Grande delusione per il Cavallino Rampante. Occhi puntati sulla prossima stagione per il riscatto

Il deve accontentarsi ancora una volta della piazza d'onore, utile a far brillare ancor più la luce di Lewis Hamilton. In Messico è andato in scena il finale di un copione già scritto da qualche settimana: Mercedes campione e Ferrari che rinvia nuovamente i sogni di gloria. Almeno per un altro anno, prolungando un lungo digiuno che dura dal 2007. Una stagione che, sulla falsariga di quella precedente, lascia l'amaro in bocca per quello che poteva essere e che non è stato. Da un lato perché Sebastian Vettel è stato a lungo in testa al Mondiale nella prima parte del 2018, dall'altro perché la SF71H ha dato l'impressione di poter essere superiore – come pacchetto macchina – alle Frecce d'Argento. Proprio per questo motivo 'stona' il trionfo di Hamilton, che ha chiuso i giochi a tre appuntamenti dalla fine del campionato, scenario difficilmente ipotizzabile in estate, ribadendo la superiorità sul tedesco, surclassato nella seconda parte di stagione, in un'annata in cui il britannico è stato semplicemente perfetto.

Nel confronto diretto tra i due l'ex pilota della Red Bull è uscito con le ossa rotte. Vettel ha commesso una serie di errori nell'arco di tutto il Mondiale che hanno scavato un solco diventato sempre più ampio Gran Premio dopo Gran Premio. Dall'Azerbaigian, quando nei giri finali ha rovinato le proprie gomme nel tentativo di superare Bottas, che si trovava in testa, finendo per perdere tre posizioni, fino alla Francia, per un tamponamento al via sempre con Bottas che lo ha costretto a una gara in rimonta, chiusa al quinto posto. Il vero turning point arriva però ad Hockenheim, nella gara di casa per Seb. Il ferrarista mentre era comodamente al comando è finito contro le barriere a causa della pista umida per la pioggia, consegnando a Hamilton la più pesante delle vittorie. Un macigno che Vettel si porterà dietro nelle gare successive e che non riuscirà più a scrollarsi. A Monza, dopo il trionfo illusorio di Spa, il tedesco subisce nel primo giro il sorpasso da parte di Hamilton alla variante della Roggia, tenta di resistere e finisce in testacoda, compromettendo la propria gara. A Singapore un errore di strategia dal box unito a una qualifica non perfetta complicano la corsa di Seb, mentre Hamilton si invola verso l'ennesima vittoria stagionale. Lo scenario si ripete anche in Russia, mentre in Giappone Vettel è di nuovo protagonista di un contatto, sempre nelle prime battute, con la Red Bull di Verstappen. Ne esce un sesto posto, dietro anche a Kimi Raikkonen, che di fatto mette la parola fine sulle chance iridate della scuderia di Maranello. Il copione va in scena anche negli Usa, con Vettel che questa volta si gira nel primo giro per un contatto con Ricciardo, a conferma della crisi, tecnica e psicologica, del quattro volte campione del mondo.

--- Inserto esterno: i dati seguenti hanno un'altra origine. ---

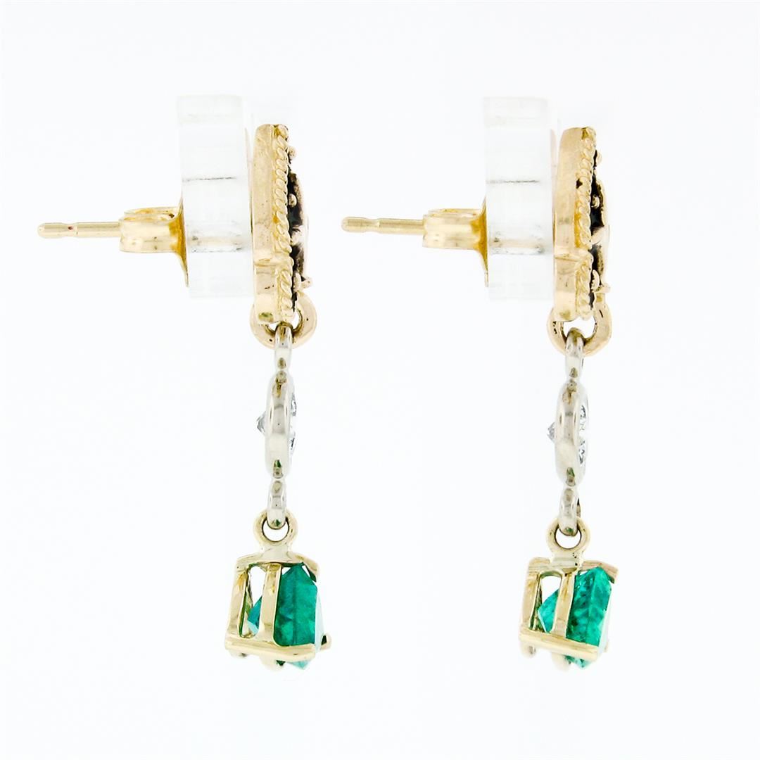 A vintage solid 14k yellow gold pain on floral dangle earrings, with enamel work and 2 trillion cut natural colombian emerald (0.98ctw), and 2 round brilliant cut natural diamonds (F/G - VS2/SI1 ; 0.30ctw). The earrings measure approximately 25.5x9.2mm and weigh a total of 3.0 grams.
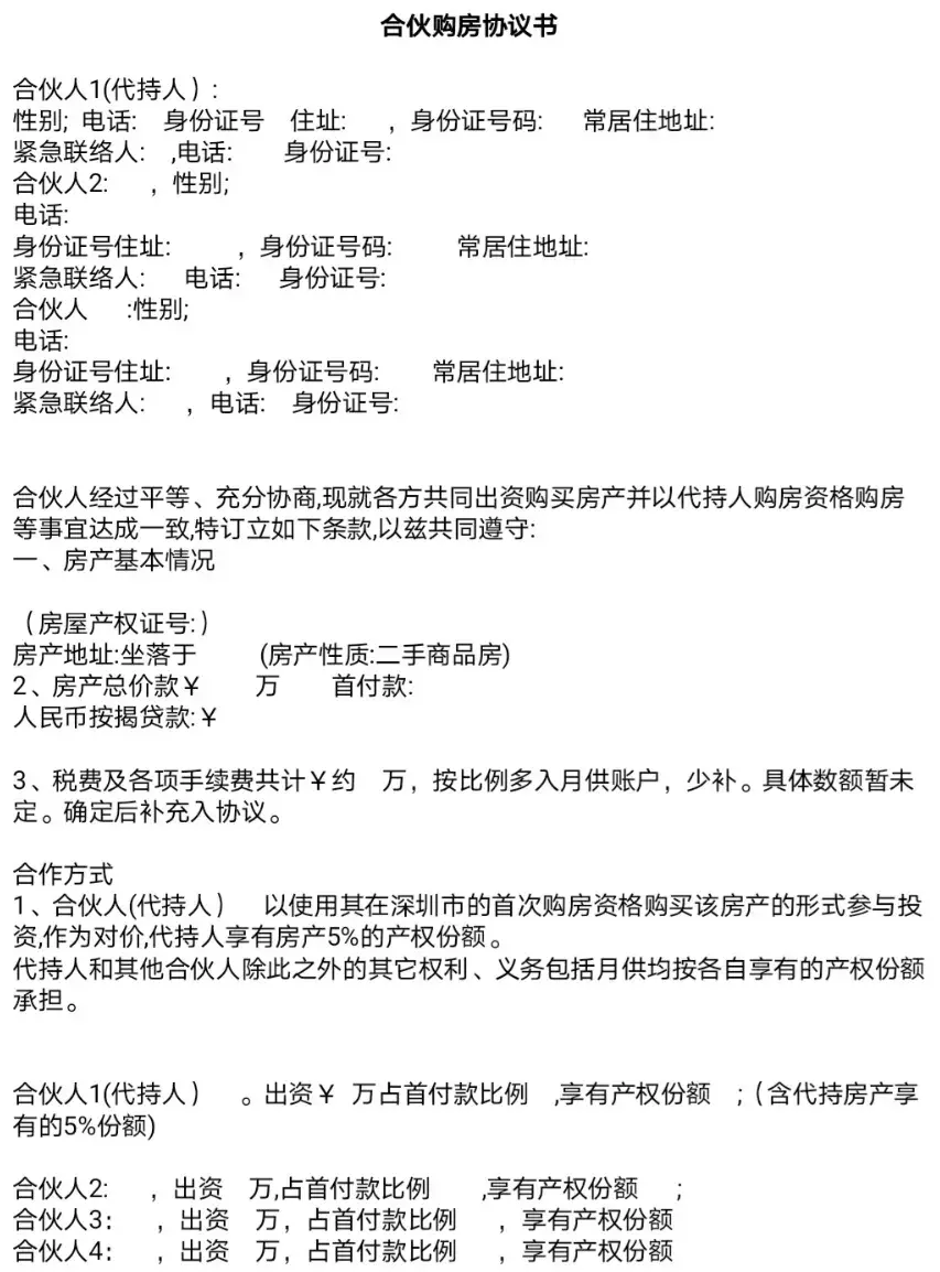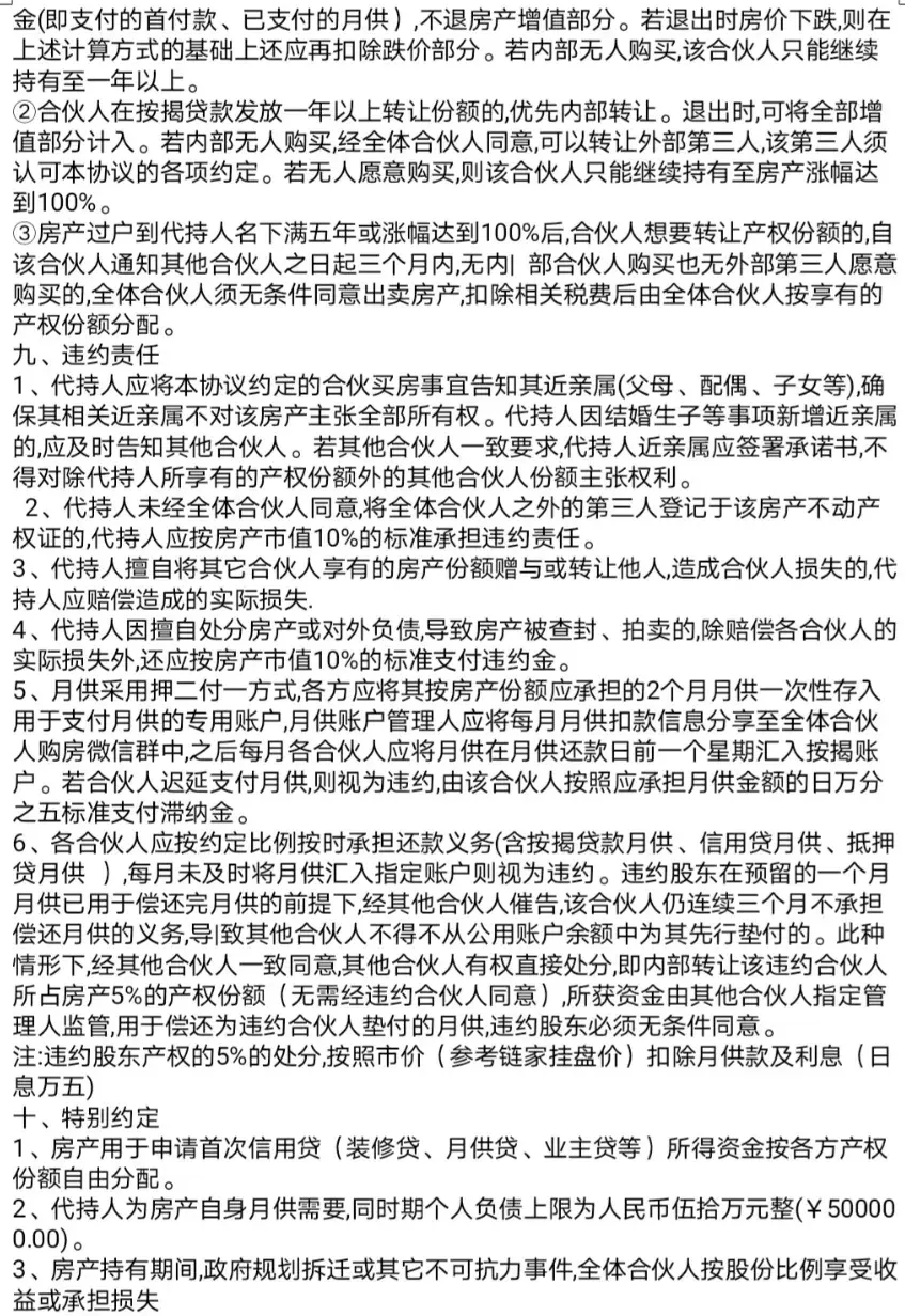 在一个项目里代持人只有1个,合伙人有多个,比如一套600万的房子,首付款30%*600=180万,可以把房产的产权分割成10份,每个合伙人出18万占一份,代持人可以自己出钱,也可以仅靠购房资格就占得5%的产权,以下是项目凑成后签的合伙购房协议书:
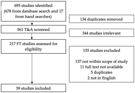 The study selection flowchart is presented in Figure 1. A total of 695 references were identified for screening. Following the removal of duplicates, 561 studies were screened by title and abstract, and subsequently, 217 full-text papers were screened for eligibility. A total of 59 studies met the inclusion criteria and were included for data extraction. The 59 studies took place in the following locations: U.S (n = 32), India (n = 16), Germany (n = 2), UK (n = 2), New Zealand (n = 2), Israel (n = 1), Canada (n = 1), Columbia (n = 1), Sri Lanka (n = 1) and Tunisia (n = 1). Only 10% (n = 6) of studies were conducted before 2010, presenting a substantial and recent increase in the number of related studies. A total of 41% of studies (n = 24) were conducted in the last 5 years.
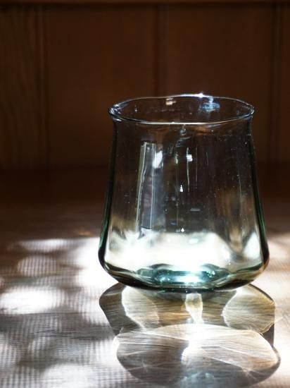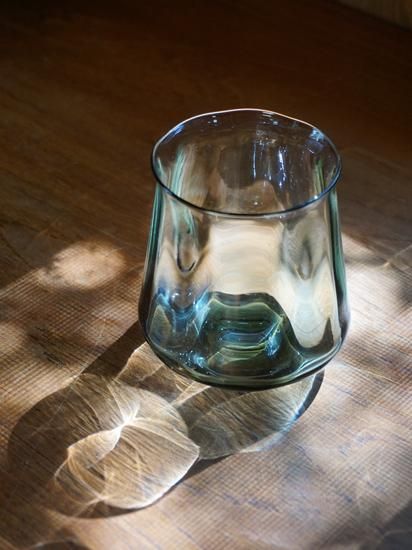 落ち着いたスモークブルーの色味に緩やかに面取りされた
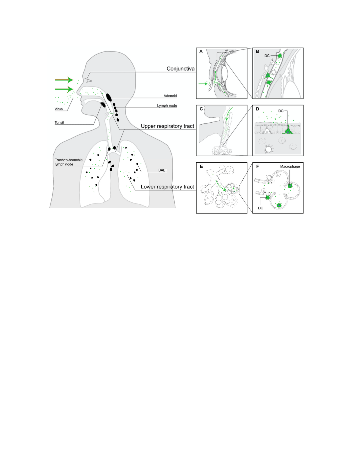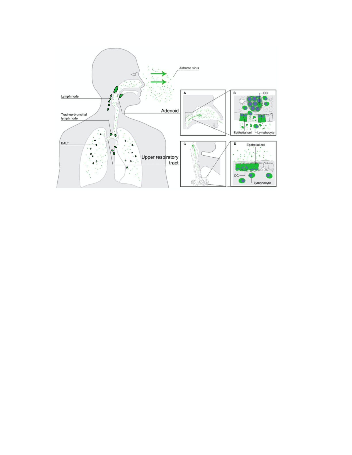 amidan (hình A) giải phóng hạt virus vào đường hô hấp trên (hình B). Các tổn thương
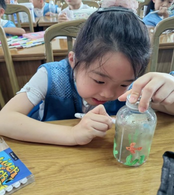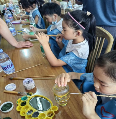 课后,工作人员同孩子们一起进行绘制活动,小朋友们纷纷拿起手中的画笔,用稚嫩却清晰的笔触,勾绘出自己理想的水环境,将一幅幅充满童趣的绘画作品绘制在废旧玻璃瓶上。在“探究、发现、创造”中进行了一次独特艺术之旅,培养孩子们保护地球、爱护水生态环境的意识和动手创造能力。
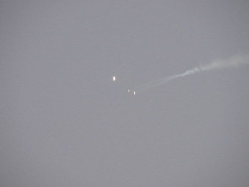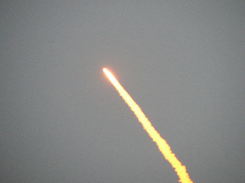 今回は珍しく燃料タンクの切り離しが肉眼で確認できた。垂直に上がるというよりは、途中から地球に沿った軌道になったためかな。この燃料タンクはモロッコ沖の海洋に落ちるとの事。今回、若田さんは3ヶ月にも及び国際宇宙ステーション(ISS)に駐在し、実験、ISSの管理、次のシャトルで運ばれるきぼう実験棟の準備、および設営を担う。すべて順調に行き、3ヶ月後の無事の帰還を祈ります。
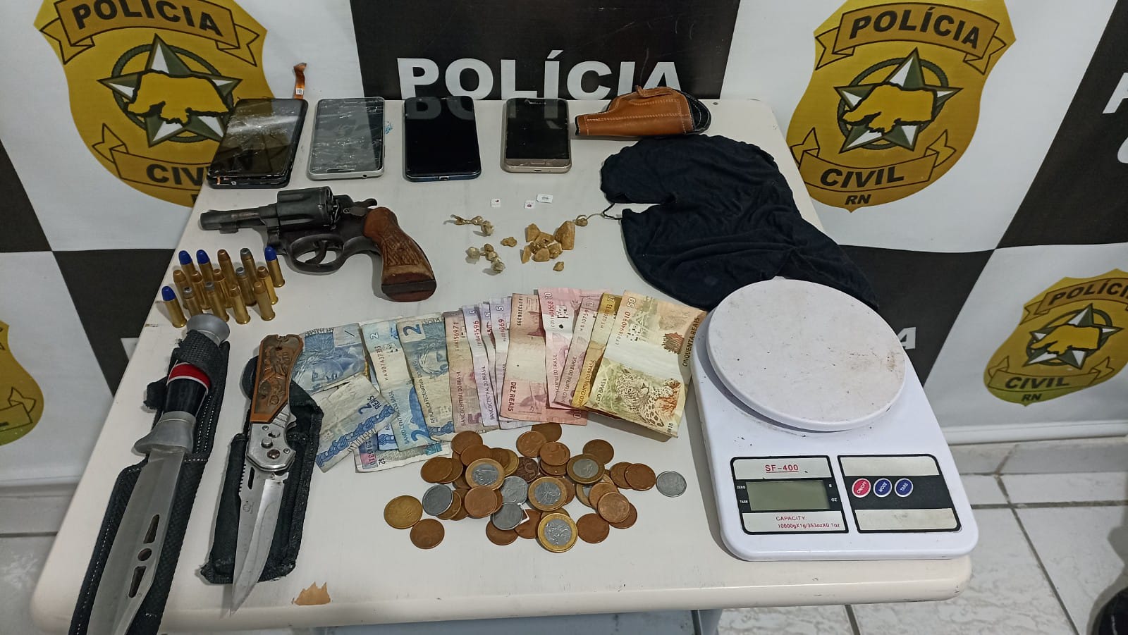 Na posse dos dois, foram encontrados e apreendidos: quatro aparelhos celulares quebrados; um revólver de calibre 38; quinze munições de igual calibre; vinte e uma porções de “crack”; dinheiro fracionado, totalizando cento e vinte e oito reais; e uma balança de precisão.

Gli scarsi risultati ottenuti da settembre in poi (eccezion fatta per l'acuto di Kimi Raikkonen ad Austin e il doppio podio in Messico) pongono una serie di interrogativi anche all'interno degli uffici di Maranello. Il team principal Maurizio Arrivabene è finito sotto accusa, in particolare per la difficile gestione dell'addio di Raikkonen, annunciato dopo Monza, gara in cui il finlandese è scattato dalla pole position davanti al compagno di squadra, e per non aver saputo tenere la nave a galla nel momento di burrasca. Forse proprio la scomparsa del presidente Sergio Marchionne, personalità forte capace di tenere tutti in riga, coincisa con il crollo della 'rossa', ha finito con influire più di quanto si potesse immaginare sui risultati in pista della Ferrari. L'amarezza per aver mancato il bersaglio grosso non deve far dimenticare le note positive di questa stagione. La Ferrari infatti ha dimostrato di aver colmato il gap con Mercedes in pista. E l'anno prossimo con la novità Charles Leclerc, il ventenne predestinato autore di un'ottima prima stagione in Formula 1 con l'Alfa Sauber, partirà con due piloti pronti a lanciare la sfida a Hamilton. E provare a interrompere il digiuno.